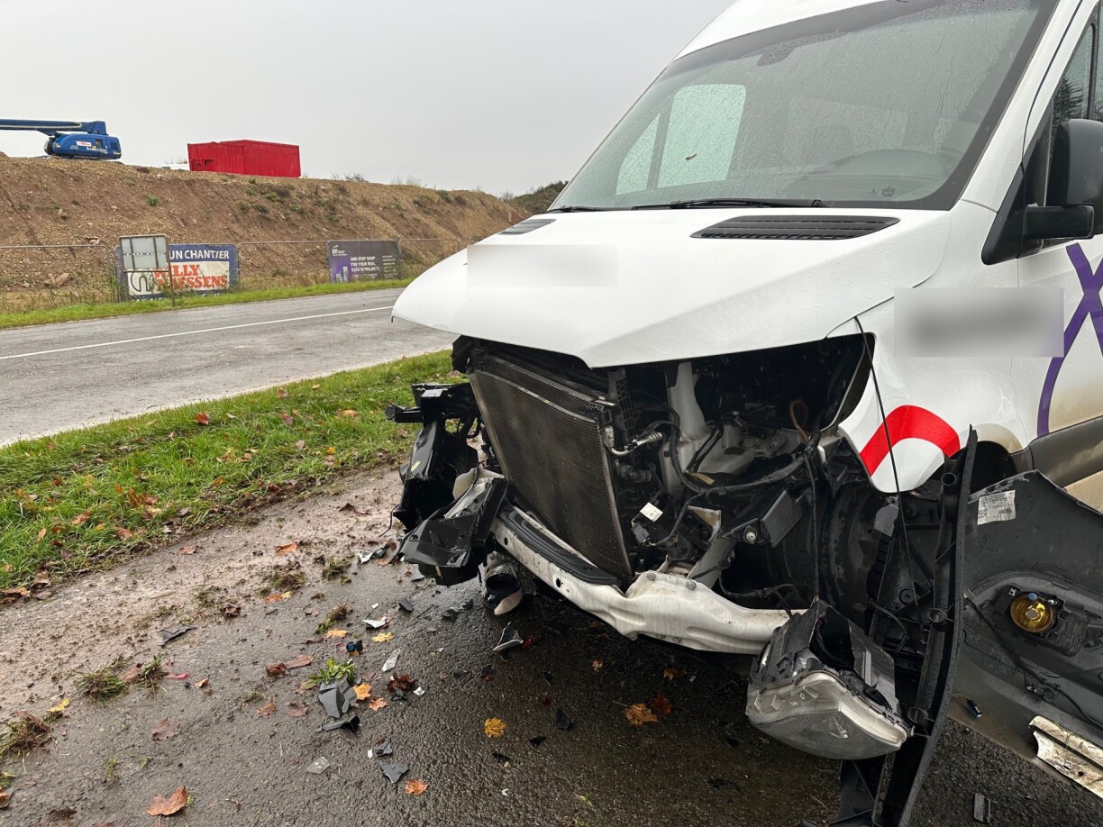 The collision occurred around 10am in Roost, involving a minibus and a car. Both vehicles sustained extensive damage.
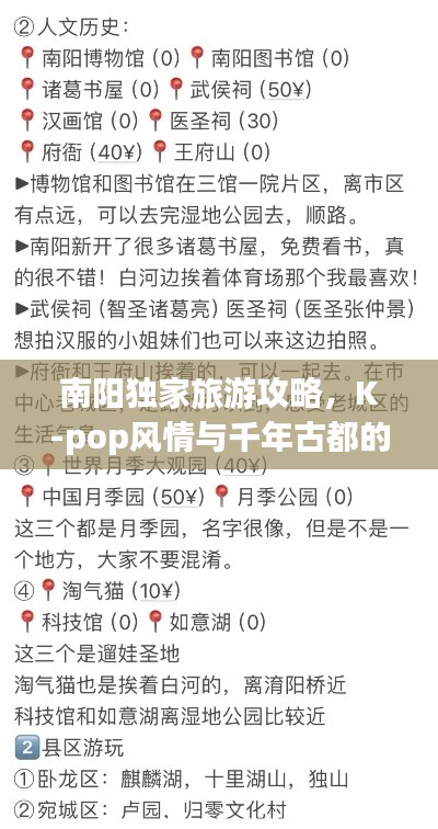 南阳,这座古韵与现代气息交织的城市,以其悠久的历史文化和繁荣的现代风貌吸引着无数游客,你既能感受到千年古城的厚重历史,又能领略到现代都市的繁华气息,而K-pop作为现代流行文化的代表,与南阳的传统文化相互碰撞,擦出别样的火花,本篇文章将为你揭示南阳的K-pop风情与旅游攻略,带你领略这座城市的独特魅力。
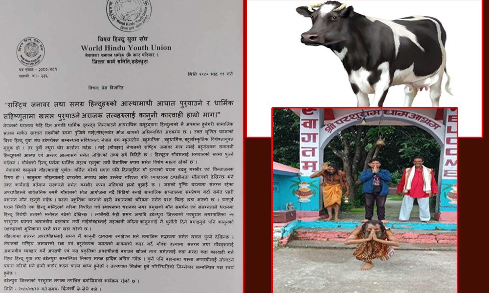 ‘धरानमा केही दिन अगाडि धार्मिक द्वन्द्व निम्त्याउने आपराधिक समूहद्वारा हिन्दुत्वको नै अपमान हुनेगरी सामाजिक संजालमार्फत साक्षात लक्ष्मीको रुपमा पुजिने गाई (गोरु) काटेर भोज खाएको घटना अक्ष्यम्य छ । उक्त घृणित घटनाको विश्व हिन्दू युवा संघ डडेल्धुरा घोर भर्त्सना गर्दछ । नेपालको कानुनले गौ हत्यालाई पूर्णतः वर्जित गरेको भएता पनि दिनानुदिन गौहत्याको घटना बढनु गम्भीर तथा चिन्ताजनक विषय हो । कानुनमा गौ हत्यालाई दण्डनीय अपराध भनेर उल्लेख गरिएको छ ।’ उक्त विज्ञप्तिमा भनिएको छ ।
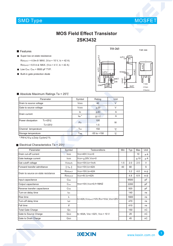 Super low on-state resistance: RDS(on)1 = 4.0m MAX. (VGS = 10 V, ID = 42 A) RDS(on)2 = 6.9 m MAX. (VGS = 4 V, ID = 42 A) Low Ciss: Ciss = 9500 pF TYP. Built-in gate protection diode
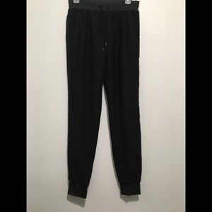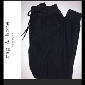 Rag & Bone Joggers Track Pants Drawstring Women's Black Mesh Joggers Bottoms Excellent Preowned Condition! Slightly pilling at the waistband Drawstring Back Pocket Welted front pockets Ribbing at Waist and Cuffs, 80% polyester/20% elastane 100% lined. No trades
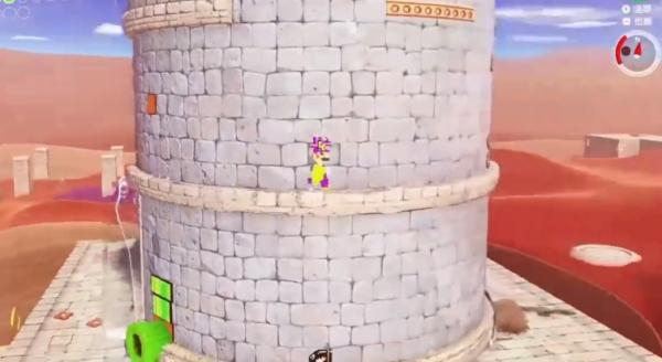 这种自觉的“媒介意识”,这种主动暴露自身物质性的媒介自反行为,也淋漓尽致地体现在《超级马里奥:奥德赛》的“内容”层面,尤其是其中广受好评的“平面关卡”的设计之中。几乎在该作中的每一个大型关卡(地图)之中,都会隐藏着至少一个以上的“平面关卡”,一旦“钻入”这些特殊的关卡,马里奥就会从“外部”的三维形象被“降维”成一个低像素的二维平面形象,马里奥周边的环境、敌人也都同样变成二维的(视觉上的奇妙之处在于关卡外部的游戏世界看上去依然是立体的)。而这些“二次元”的低像素关卡,显然是对任天堂公司早期的马里奥游戏,尤其是对最著名的1985年版《马里奥兄弟》(横版卷轴游戏的始祖)的媒介互文。

--------------------------------------------------

- [WHAT THE TASK ASKS] Could you repeat, exactly and with nothing added, the lines from the top of the entries above through the line that holds "Super low on-state", leaving out any pictures?

- [OUTPUT FOR THIS EXERCISE]
 The collision occurred around 10am in Roost, involving a minibus and a car. Both vehicles sustained extensive damage.
 南阳,这座古韵与现代气息交织的城市,以其悠久的历史文化和繁荣的现代风貌吸引着无数游客,你既能感受到千年古城的厚重历史,又能领略到现代都市的繁华气息,而K-pop作为现代流行文化的代表,与南阳的传统文化相互碰撞,擦出别样的火花,本篇文章将为你揭示南阳的K-pop风情与旅游攻略,带你领略这座城市的独特魅力。
 ‘धरानमा केही दिन अगाडि धार्मिक द्वन्द्व निम्त्याउने आपराधिक समूहद्वारा हिन्दुत्वको नै अपमान हुनेगरी सामाजिक संजालमार्फत साक्षात लक्ष्मीको रुपमा पुजिने गाई (गोरु) काटेर भोज खाएको घटना अक्ष्यम्य छ । उक्त घृणित घटनाको विश्व हिन्दू युवा संघ डडेल्धुरा घोर भर्त्सना गर्दछ । नेपालको कानुनले गौ हत्यालाई पूर्णतः वर्जित गरेको भएता पनि दिनानुदिन गौहत्याको घटना बढनु गम्भीर तथा चिन्ताजनक विषय हो । कानुनमा गौ हत्यालाई दण्डनीय अपराध भनेर उल्लेख गरिएको छ ।’ उक्त विज्ञप्तिमा भनिएको छ ।
 Super low on-state resistance: RDS(on)1 = 4.0m MAX. (VGS = 10 V, ID = 42 A) RDS(on)2 = 6.9 m MAX. (VGS = 4 V, ID = 42 A) Low Ciss: Ciss = 9500 pF TYP. Built-in gate protection diode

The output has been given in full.